== Segment start ==
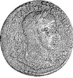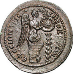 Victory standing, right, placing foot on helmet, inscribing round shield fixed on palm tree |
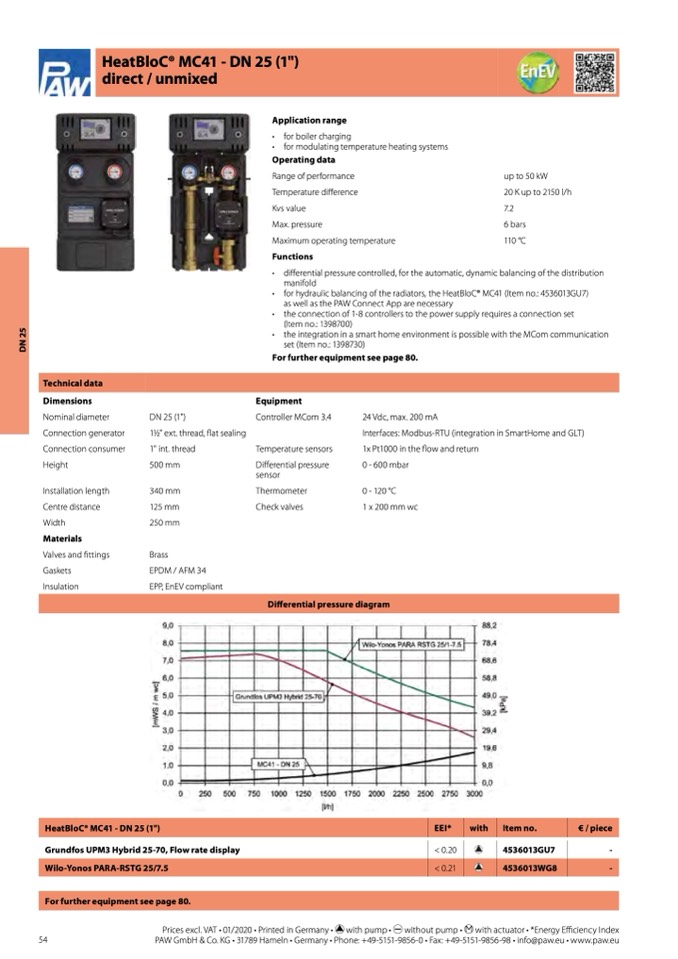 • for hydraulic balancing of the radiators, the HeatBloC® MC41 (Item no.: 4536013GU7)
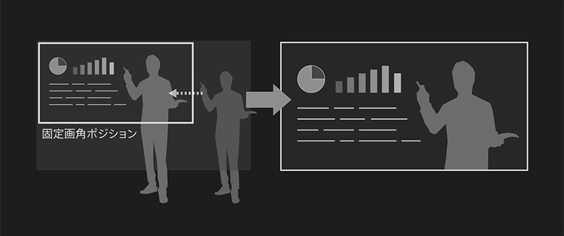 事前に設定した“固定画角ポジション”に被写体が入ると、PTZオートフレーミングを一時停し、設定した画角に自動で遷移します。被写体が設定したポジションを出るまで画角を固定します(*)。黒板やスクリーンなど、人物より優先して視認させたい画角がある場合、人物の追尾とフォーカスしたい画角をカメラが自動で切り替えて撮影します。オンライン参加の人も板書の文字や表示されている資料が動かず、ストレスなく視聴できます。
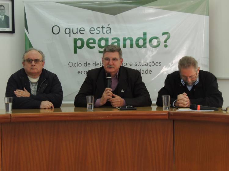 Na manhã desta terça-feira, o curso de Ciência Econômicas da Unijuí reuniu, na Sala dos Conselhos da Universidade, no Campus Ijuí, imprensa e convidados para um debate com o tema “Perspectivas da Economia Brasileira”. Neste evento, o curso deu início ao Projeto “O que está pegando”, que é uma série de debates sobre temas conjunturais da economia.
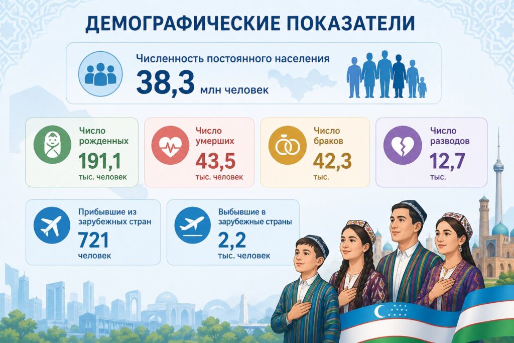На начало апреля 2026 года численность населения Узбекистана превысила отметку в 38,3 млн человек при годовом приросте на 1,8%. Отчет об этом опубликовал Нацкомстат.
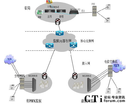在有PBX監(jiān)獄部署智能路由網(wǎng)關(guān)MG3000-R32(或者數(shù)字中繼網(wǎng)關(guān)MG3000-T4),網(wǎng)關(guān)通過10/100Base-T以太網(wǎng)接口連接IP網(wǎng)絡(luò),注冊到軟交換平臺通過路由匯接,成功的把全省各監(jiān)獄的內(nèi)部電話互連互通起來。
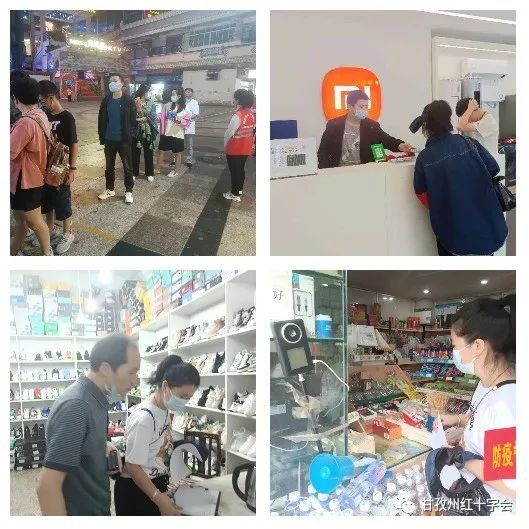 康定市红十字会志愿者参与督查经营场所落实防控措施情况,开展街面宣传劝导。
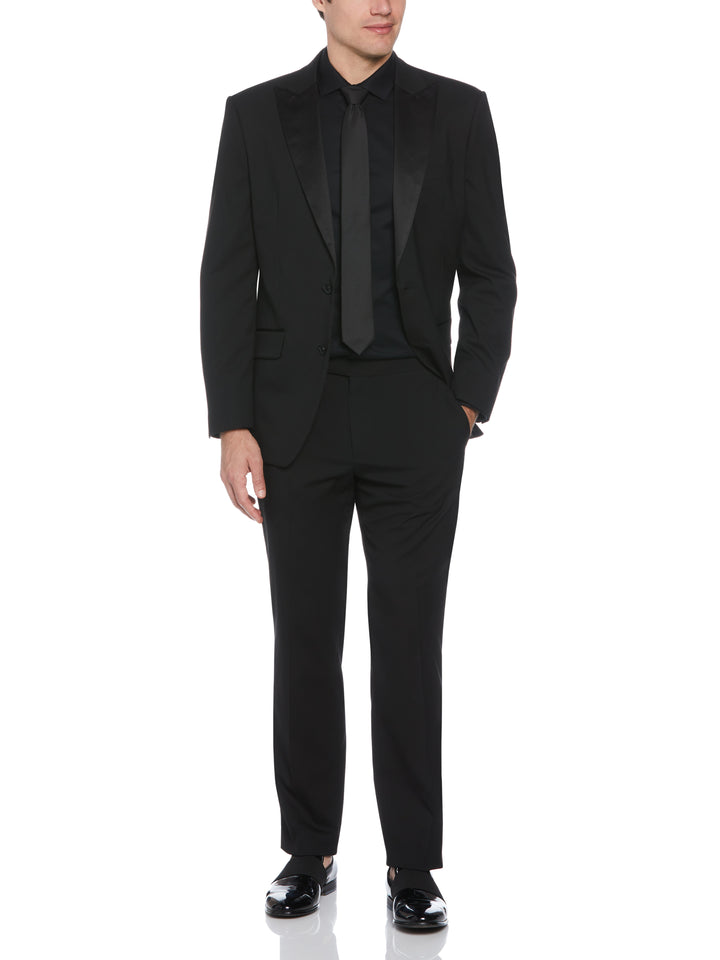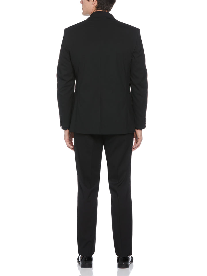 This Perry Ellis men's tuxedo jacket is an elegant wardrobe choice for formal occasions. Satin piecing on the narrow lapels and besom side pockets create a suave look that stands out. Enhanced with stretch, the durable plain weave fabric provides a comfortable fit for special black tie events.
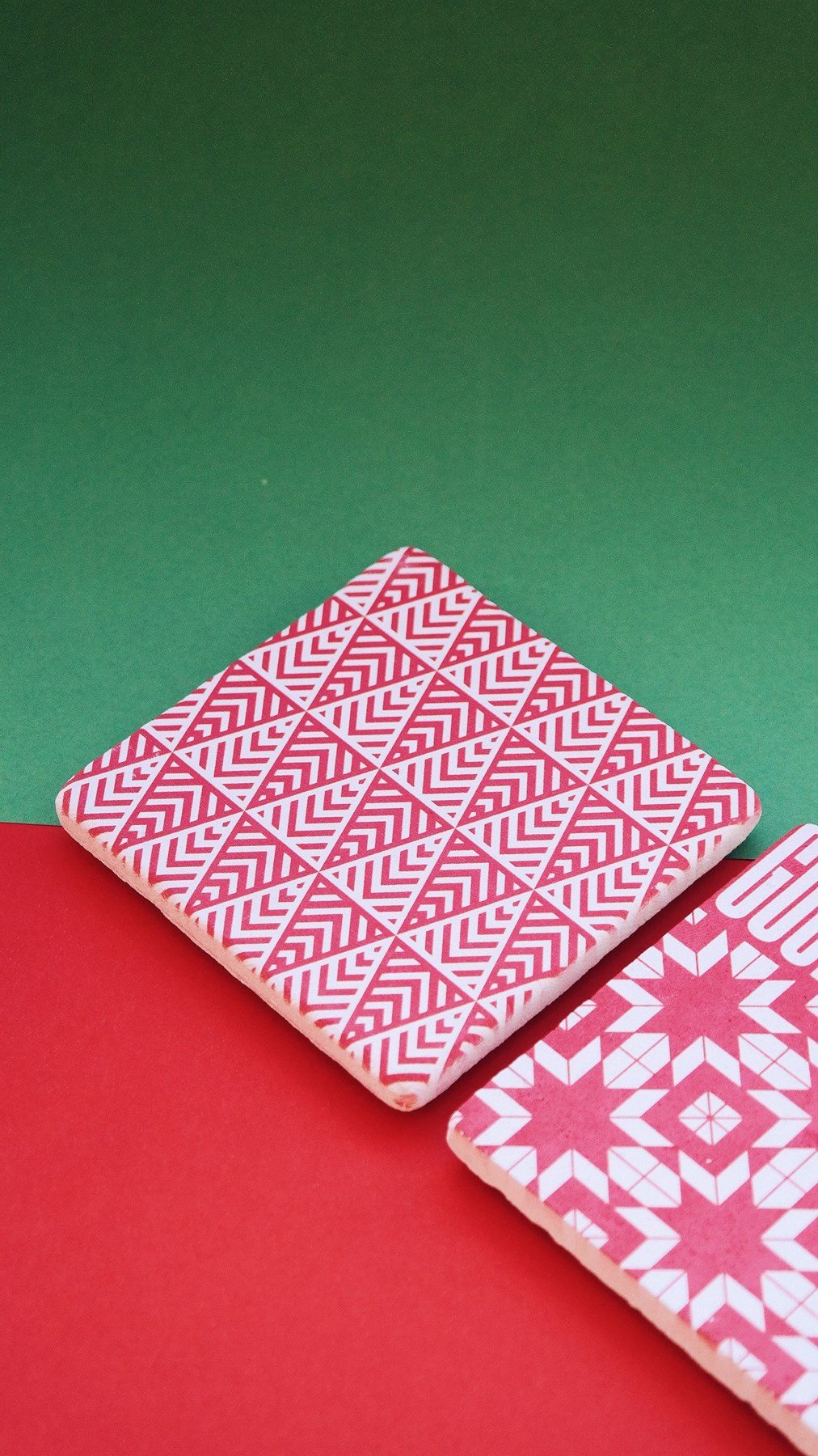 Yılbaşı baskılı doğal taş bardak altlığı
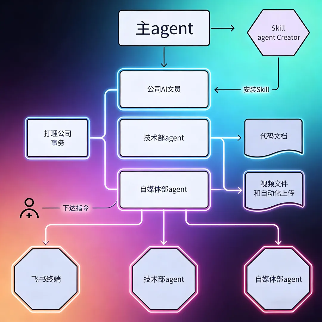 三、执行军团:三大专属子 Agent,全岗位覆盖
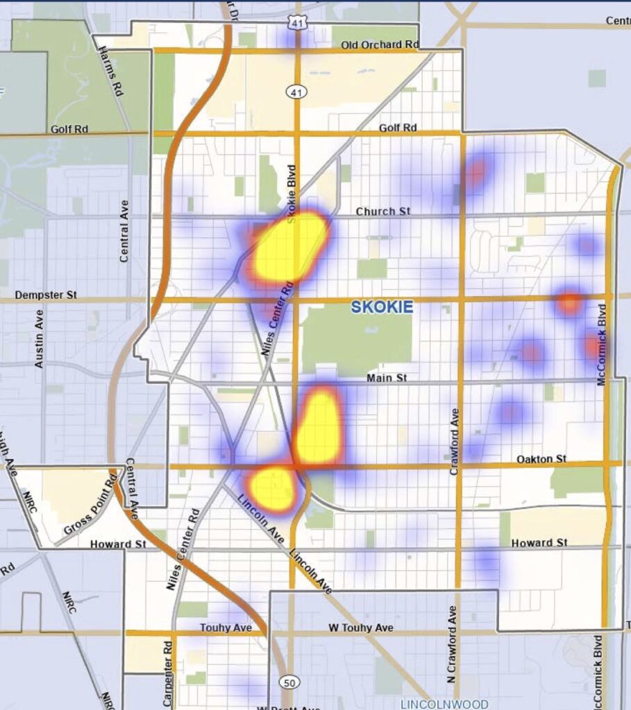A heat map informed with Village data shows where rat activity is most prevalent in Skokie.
== Segment end ==
## PROBLEM STATEMENT
What you need to produce is an exact copy of the entries above, limited to the lines from the one with "Na manhã desta" up to and including the one with "На начало апреля", without pictures.

## OUTPUT FOR THIS TASK
 Na manhã desta terça-feira, o curso de Ciência Econômicas da Unijuí reuniu, na Sala dos Conselhos da Universidade, no Campus Ijuí, imprensa e convidados para um debate com o tema “Perspectivas da Economia Brasileira”. Neste evento, o curso deu início ao Projeto “O que está pegando”, que é uma série de debates sobre temas conjunturais da economia.
На начало апреля 2026 года численность населения Узбекистана превысила отметку в 38,3 млн человек при годовом приросте на 1,8%. Отчет об этом опубликовал Нацкомстат.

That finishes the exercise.